PROBLEM DETAILS -
Please transcribe the lines below exactly, and leave every image behind.

DATA BLOCK -
%%
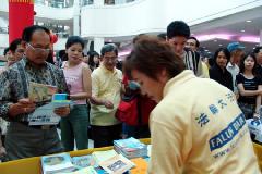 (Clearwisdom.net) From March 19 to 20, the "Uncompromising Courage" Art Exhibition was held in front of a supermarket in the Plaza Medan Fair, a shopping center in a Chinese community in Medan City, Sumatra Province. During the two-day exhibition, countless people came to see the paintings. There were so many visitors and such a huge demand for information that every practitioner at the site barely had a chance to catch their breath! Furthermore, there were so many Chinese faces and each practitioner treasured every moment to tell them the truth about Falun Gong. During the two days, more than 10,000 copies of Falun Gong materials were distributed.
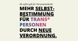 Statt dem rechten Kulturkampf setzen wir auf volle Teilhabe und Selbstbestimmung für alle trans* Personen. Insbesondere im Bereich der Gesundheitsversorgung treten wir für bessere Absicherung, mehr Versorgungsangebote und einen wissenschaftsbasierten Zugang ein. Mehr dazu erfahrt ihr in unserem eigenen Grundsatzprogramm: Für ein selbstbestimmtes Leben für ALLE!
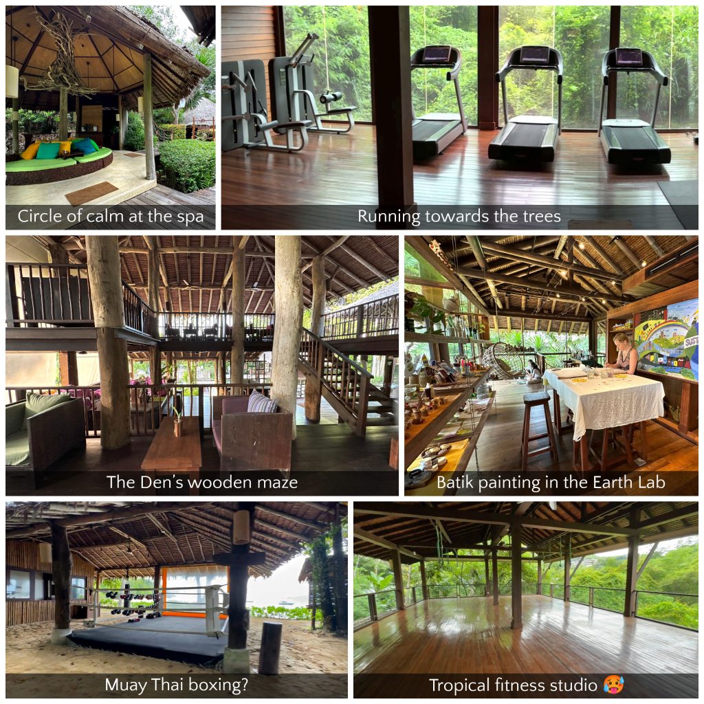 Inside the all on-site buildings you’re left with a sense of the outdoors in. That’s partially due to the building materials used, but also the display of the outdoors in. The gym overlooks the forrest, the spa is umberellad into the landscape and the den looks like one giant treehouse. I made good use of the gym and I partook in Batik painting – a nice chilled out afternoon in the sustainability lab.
%%
EXPECTED ANSWER -
 (Clearwisdom.net) From March 19 to 20, the "Uncompromising Courage" Art Exhibition was held in front of a supermarket in the Plaza Medan Fair, a shopping center in a Chinese community in Medan City, Sumatra Province. During the two-day exhibition, countless people came to see the paintings. There were so many visitors and such a huge demand for information that every practitioner at the site barely had a chance to catch their breath! Furthermore, there were so many Chinese faces and each practitioner treasured every moment to tell them the truth about Falun Gong. During the two days, more than 10,000 copies of Falun Gong materials were distributed.
 Statt dem rechten Kulturkampf setzen wir auf volle Teilhabe und Selbstbestimmung für alle trans* Personen. Insbesondere im Bereich der Gesundheitsversorgung treten wir für bessere Absicherung, mehr Versorgungsangebote und einen wissenschaftsbasierten Zugang ein. Mehr dazu erfahrt ihr in unserem eigenen Grundsatzprogramm: Für ein selbstbestimmtes Leben für ALLE!
 Inside the all on-site buildings you’re left with a sense of the outdoors in. That’s partially due to the building materials used, but also the display of the outdoors in. The gym overlooks the forrest, the spa is umberellad into the landscape and the den looks like one giant treehouse. I made good use of the gym and I partook in Batik painting – a nice chilled out afternoon in the sustainability lab.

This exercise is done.